Концепция «диатез — стресс» модели шизофрении в последние годы была дополнена концепцией «уязвимость к стрессу — копинг-компетентность» (Liberman R., 1982), в которой ставится акцент на формировании порочного круга: наличие уязвимости к стрессорам сопровождается аномальными реакциями в социальном взаимодействии, а недостаточность социальной компетентности, нарушения в сфере социального взаимодействия (неадаптивные копинг-стратегии) сопровождаются формированием стрессовой ситуации и ведут к обострению болезни. То есть не только манифестные проявления болезни развиваются под действием стресса, но и последующие многократные обострения психопатологической продуктивной симптоматики, как правило, провоцируются действием стрессоров.

Данная концепция получила свое развитие в рамках адаптационно-компенсаторных представлений (Коцюбинский А. П., 2001; Zubin J., Spring B., 1977).

Согласно А. В. Снежневскому (1972), первые попытки понимания симптомов болезни отечественными психиатрами-клиницистами XIX века исходили из представлений о важности приспособительно-компенсаторных механизмов (так, В. Ф. Саблер, на которого ссылается А. В. Снежневский (1972), трактовал симптомы шизофрении как проявления приспособительно-компенсаторных механизмов; в частности, бред рассматривался как компенсаторное явление, которое «отодвигает на задний план и покрывает собой первичный тоскливый аффект»).

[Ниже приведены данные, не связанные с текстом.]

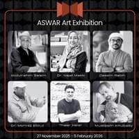 Visitors are invited to collect a complimentary exhibition catalogue, featuring artist interviews, highlights of their artworks, and detailed information about ASWAR Art Centre, its programs, and upcoming events.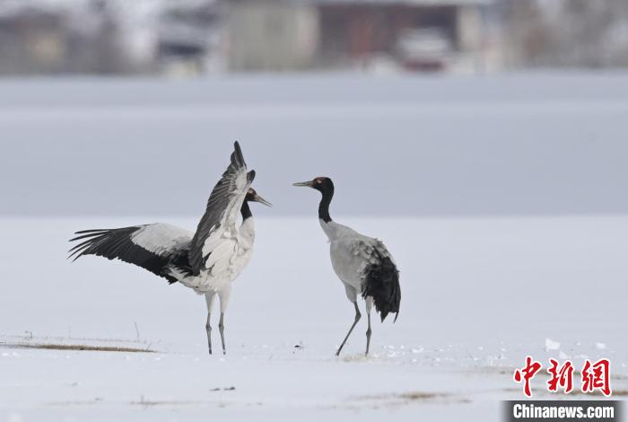 圖為12月14日,兩只黑頸鶴在納帕海雪地中起舞。陳志明 攝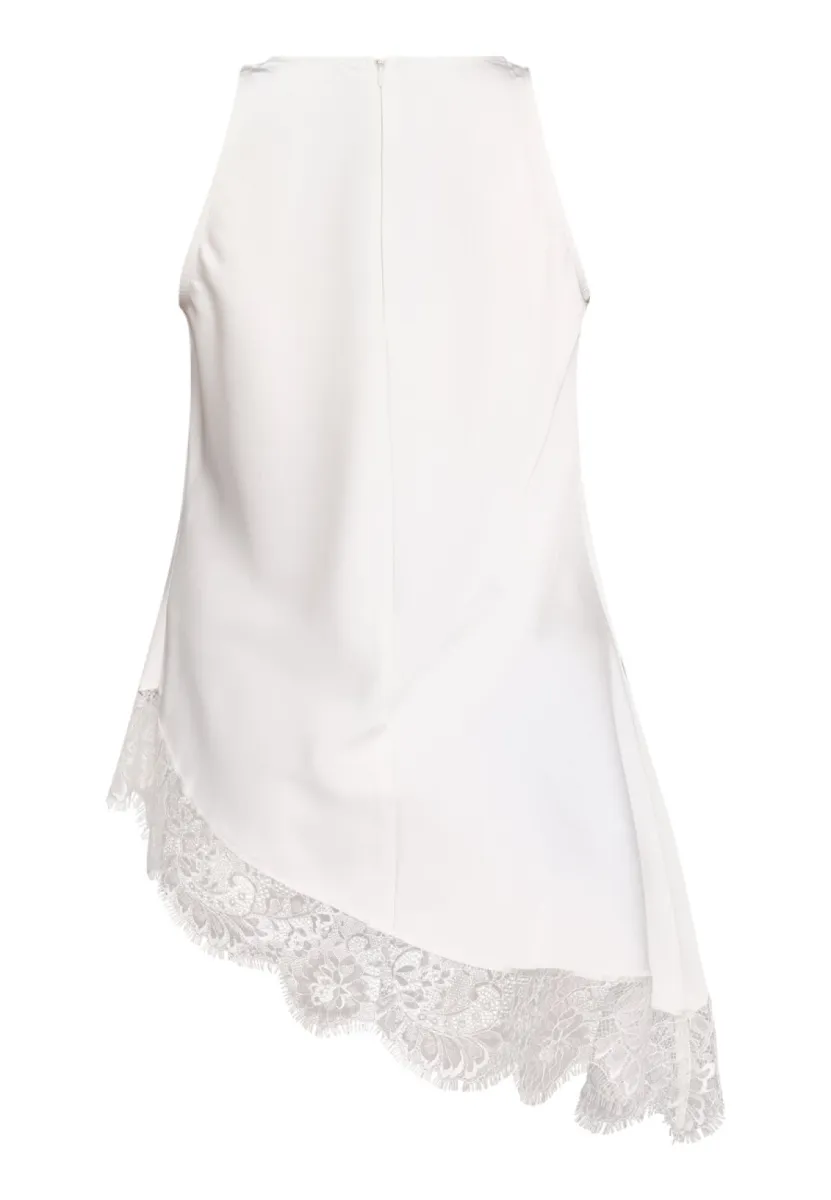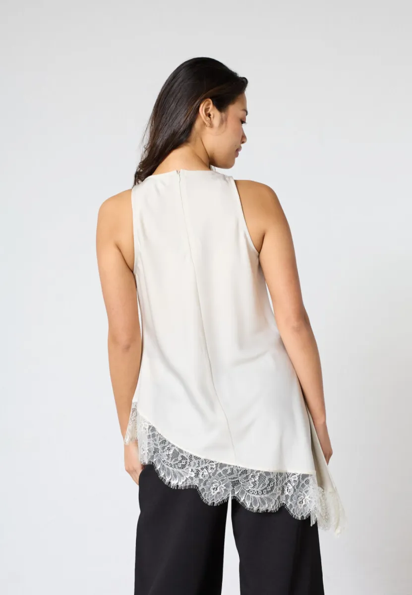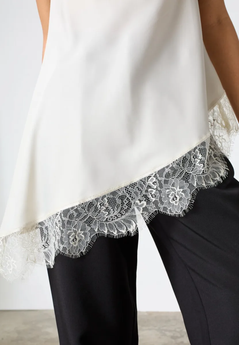 De VIOL-TA top van SisterS Point is een elegante en vrouwelijke top met een luxe uitstraling. De satijnlook stof in een zachte cream kleur zorgt voor een verfijnde basis, terwijl de asymmetrische onderkant met kanten rand een speels en chic detail toevoegt. De mouwloze fit en ronde hals geven de top een minimalistische uitstraling, waardoor het item perfect in balans is tussen eenvoudig en bijzonder.

Таким образом, целостное понимание болезни основано на представлении о комплексе компенсаторно-адаптационных реакций организма. При этом адаптация понимается как динамический процесс приспособления организма к изменившимся условиям существования; а компенсация — как реакция организма на препятствие к адаптации, призванная сохранить целостность и жизненно важные функции организма (Коцюбинский А. П., 2001). Формирование психопатологической симптоматики при шизофрении также рассматривалось в русле процессов адаптации / компенсации.

Тем не менее, как отмечает А. П. Коцюбинский (2001), до настоящего времени не изжиты представления об упрощенном физиологическом понимании природы шизофрении, при котором психопатологическая симптоматика выводится непосредственно из самого болезненного процесса (из гипотетического и специфического для шизофрении поражения мозга).

Большинство отечественных исследователей рассматривали патологический процесс прежде всего с физиологической позиции: предполагаемая «первичная поломка» провоцирует последующую реакцию на нее в форме активации деятельности мозга, так называемую «компенсаторную реакцию первого порядка» (Нуллер Ю. Л., Пегашова А. Е., Козловский В. Л., 1998). На клиническом уровне этому соответствует этап манифестации психоза в форме тревоги, а при ее усилении — дезинтеграции психических функций.

В этих условиях «искаженного равновесия», обусловленного разрушительными тенденциями процесса, неполноценность защитных механизмов, по мнению сторонников этой точки зрения, стимулирует использование организмом компенсаторных реакций второго порядка, направленных на снижение уровня тревоги и напряжения и являющихся уже по существу типовыми, малодифференцированными по отношению к этиологическому фактору. Такие патогенные компенсаторные реакции (Давыдовский И. В., 1962) выступают на клиническом уровне в форме продуктивных психопатологических расстройств.

По мнению авторов (Коцюбинский А. П., 2001), особенности патогенных компенсаторных реакций зависят от реактивности организма: выраженная реактивность коррелирует с течением болезни в виде острых и подострых продуктивных расстройств. В рамках данной концепции формирование продуктивной психопатологической симптоматики связано преимущественно с компенсаторными процессами, а негативной психопатологической симптоматики — с адаптационными процессами.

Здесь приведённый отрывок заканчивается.